Chris Wilson <chris at chris-wilson.co.uk> writes:

> Quoting Mika Kuoppala (2020-02-07 09:13:22)
>> Chris Wilson <chris at chris-wilson.co.uk> writes:
>> 
>> > Virtual engines are fleeting. They carry a reference count and may be freed
>> > when their last request is retired. This makes them unsuitable for the
>> > task of housing engine->retire.work so assert that it is not used.
>> 
>> There is chicken and egg problem here that I fail to grasp.
>
> In the general case, an engine may be providing a workqueue for requests
> for other engines. That's the conundrum I had in mind when writing that;
> if and only if, we have the latest request from that engine on that
> retire worker, then it will be protected by the last request (and our
> careful ordering of dereferences).
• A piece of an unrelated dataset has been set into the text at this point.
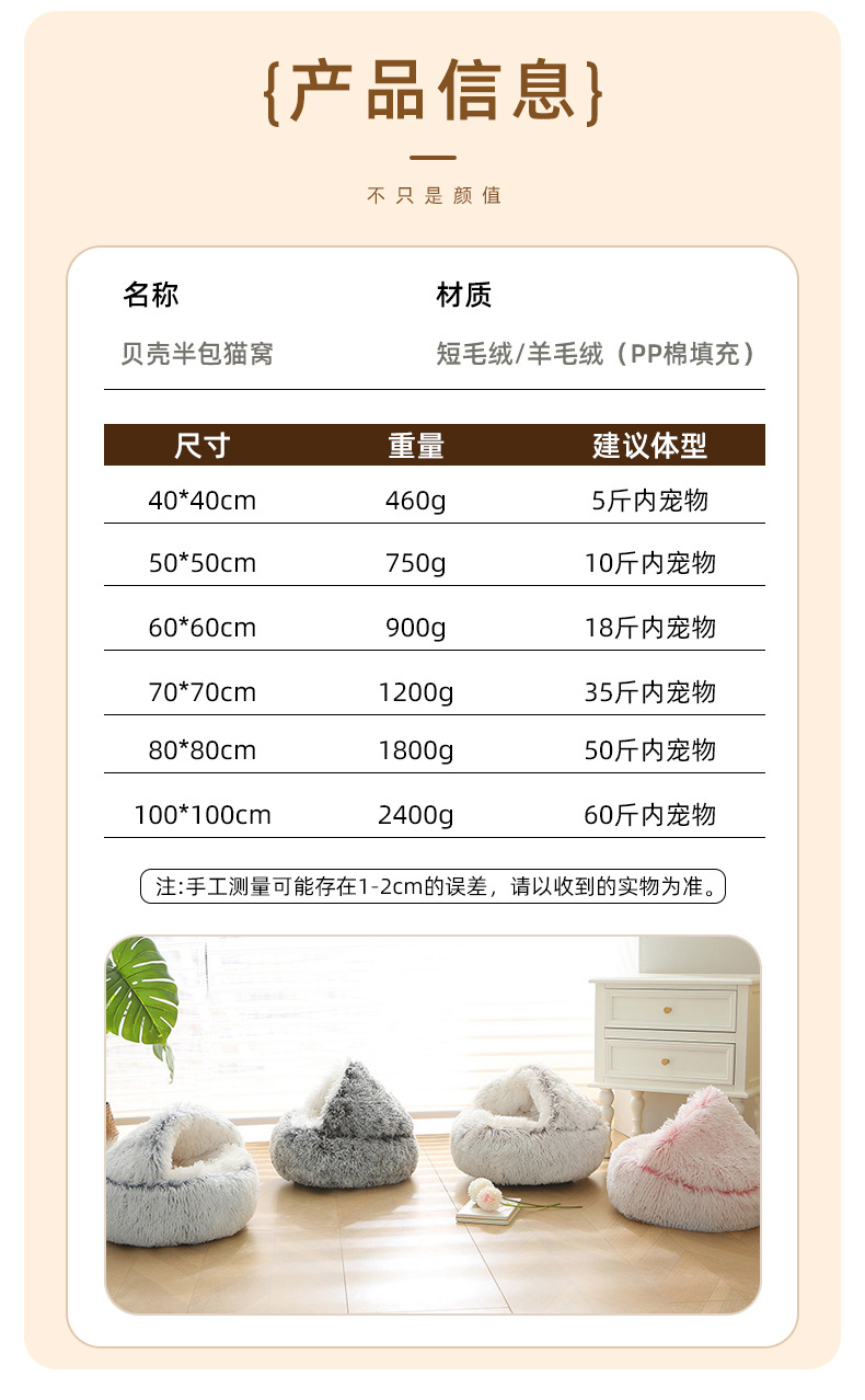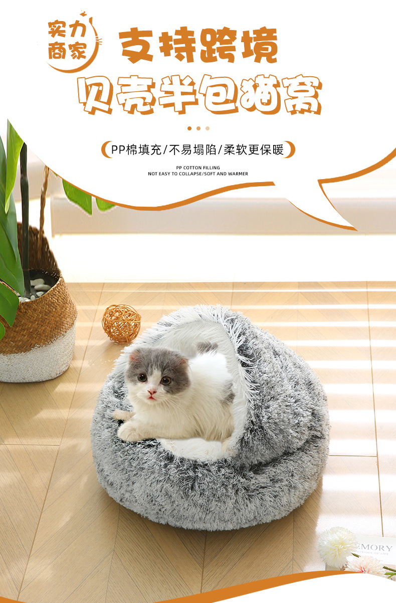 국경 간 겨울 봉제 따뜻한 쉘 반 폐쇄 고양이 둥지 애완 동물 고양이 침대 반 밀폐 개 둥지 개 침대 고양이 둥지

That is not guaranteed to be the case
> (even for only virtual requests on a virtual engine, as we may not have
> the last request queued for retirement, and so it may be retired ahead
> of time.)
>
> So as I write that, it becomes much clearer that there is a lifetime
> issue with the concept of retirement queues on the virtual engine.
>
>> If the retire work is the mechanism which triggers the request
>> freeing, then the order should be fine. As the engine is still
>> there for last request.
>
> It's not the only mechanism, so concurrent retirements are expected.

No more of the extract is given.